:: Given information ::
·····

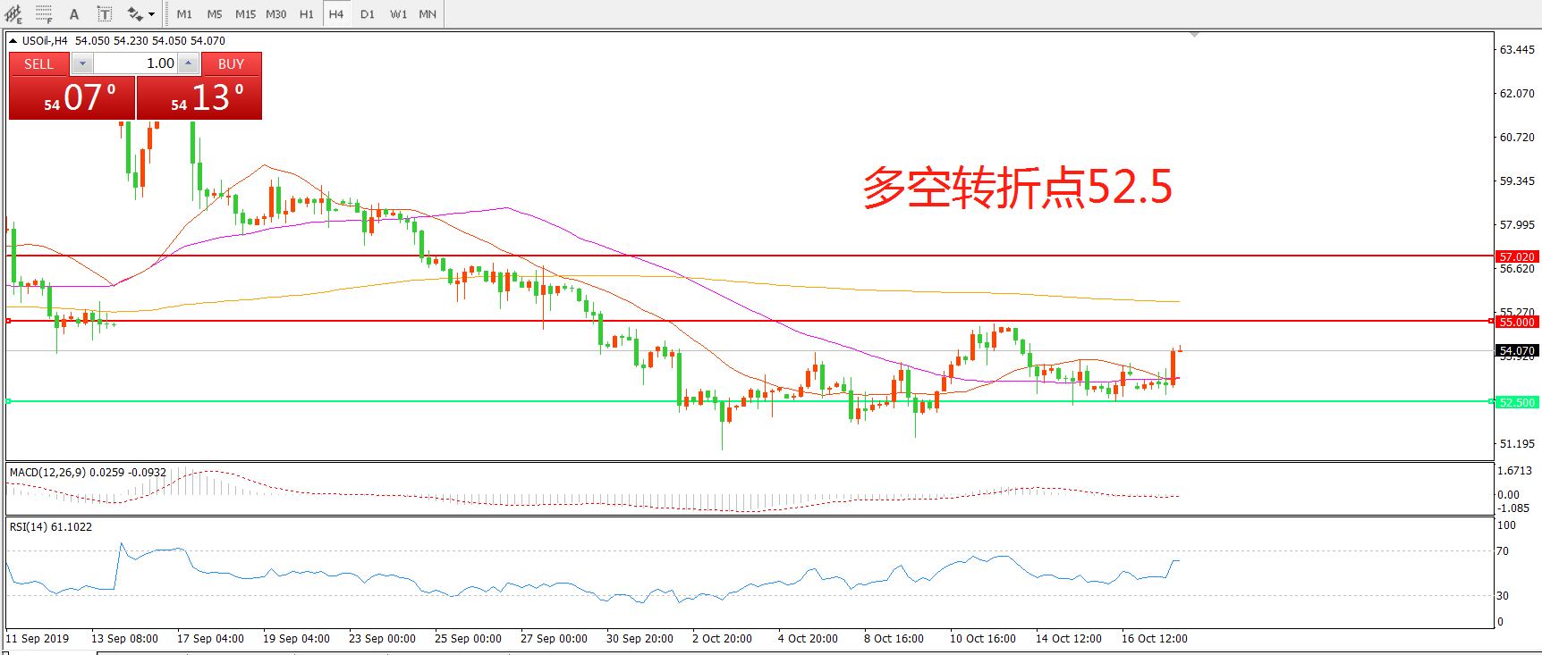 4小时图看,油价长阳反弹,突破短期整理区间,短期有可能上行测试上方55美元一线阻力,整体走势有所回暖,21周期均线与55周期均线粘合,RSI指标走平,日内延续震荡概率较大。
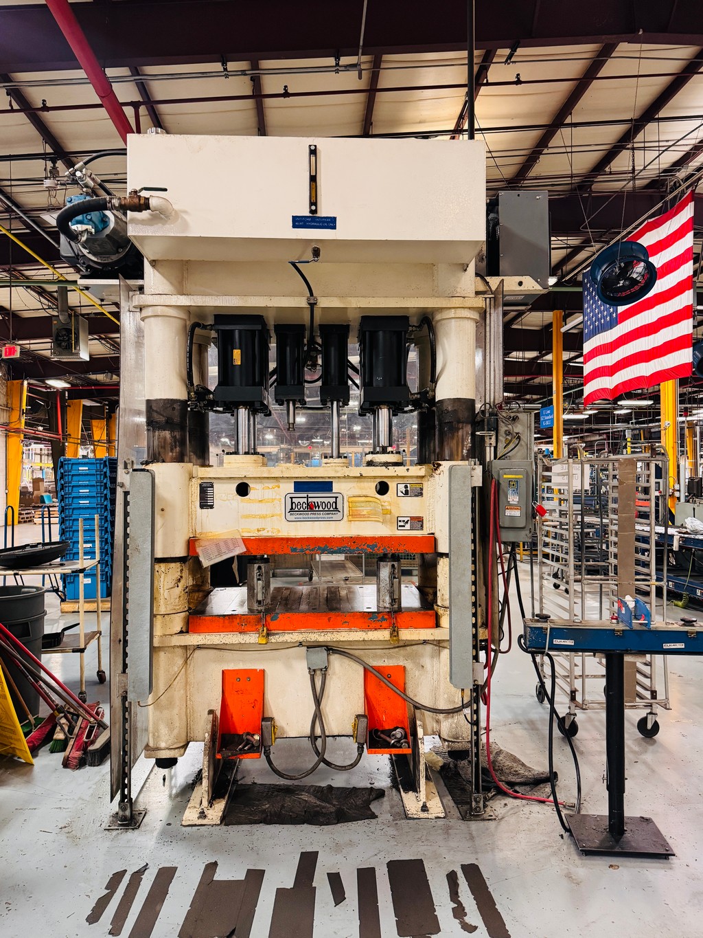 • Beckwood 250 Ton 4-Post Hydraulic Press, 250 Ton, 48” x 32” Bed Area, 18” Stroke (Approx.), S/N: 22428
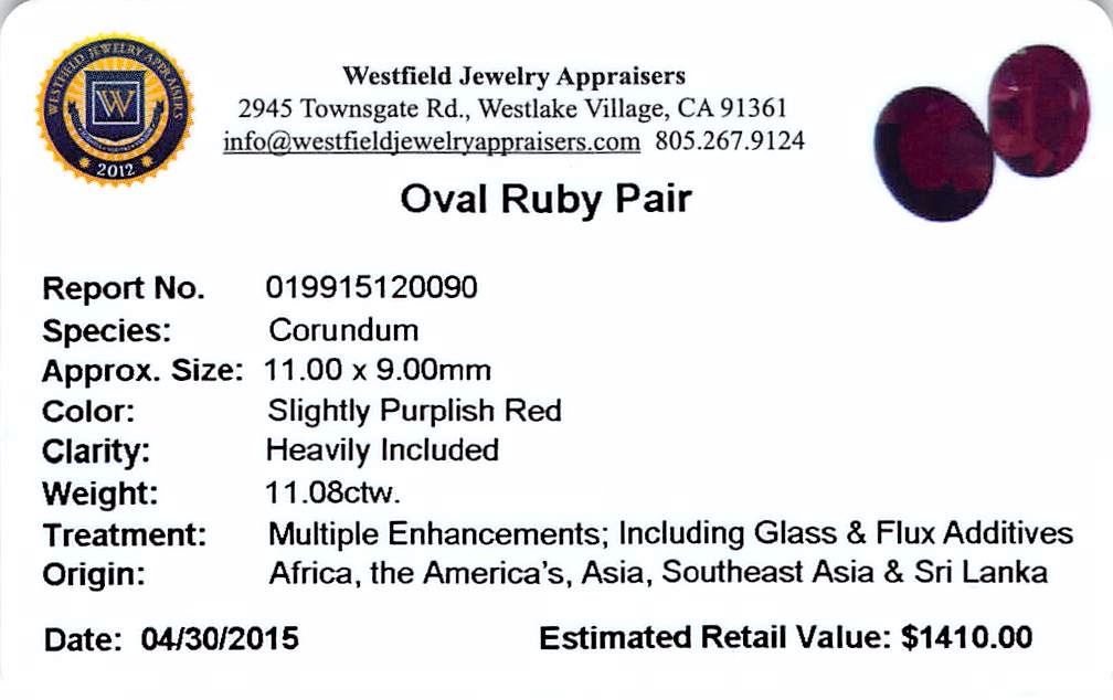 Two oval mixed cut natural rubies exact total weight 11.08ct., clarity is heavily included, type II, dark, very slightly brownish, slightly purplish red color, (GIA slpR 7/3), cut is good. Westfield Appraised at $1,410.00.
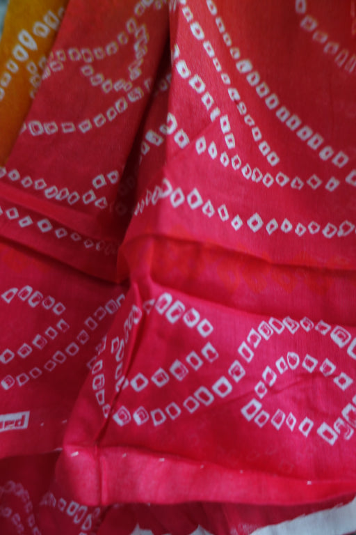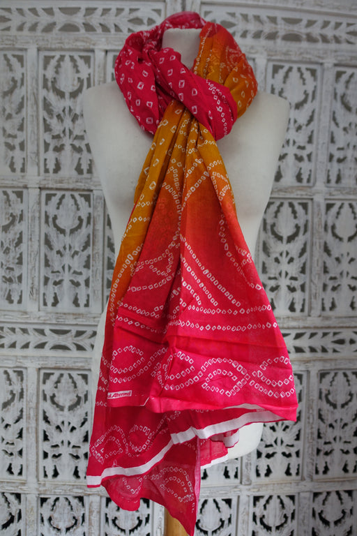 Description – this is a bandhani printed gul Ahmed cotton dupatta on shades of orange and pink. Size – 114 x 248cm

·····

:: What needs to be done ::
Your answer must be an exact copy of the data above, minus its pictures.

:: Response below ::
 4小时图看,油价长阳反弹,突破短期整理区间,短期有可能上行测试上方55美元一线阻力,整体走势有所回暖,21周期均线与55周期均线粘合,RSI指标走平,日内延续震荡概率较大。
 • Beckwood 250 Ton 4-Post Hydraulic Press, 250 Ton, 48” x 32” Bed Area, 18” Stroke (Approx.), S/N: 22428
 Two oval mixed cut natural rubies exact total weight 11.08ct., clarity is heavily included, type II, dark, very slightly brownish, slightly purplish red color, (GIA slpR 7/3), cut is good. Westfield Appraised at $1,410.00.
 Description – this is a bandhani printed gul Ahmed cotton dupatta on shades of orange and pink. Size – 114 x 248cm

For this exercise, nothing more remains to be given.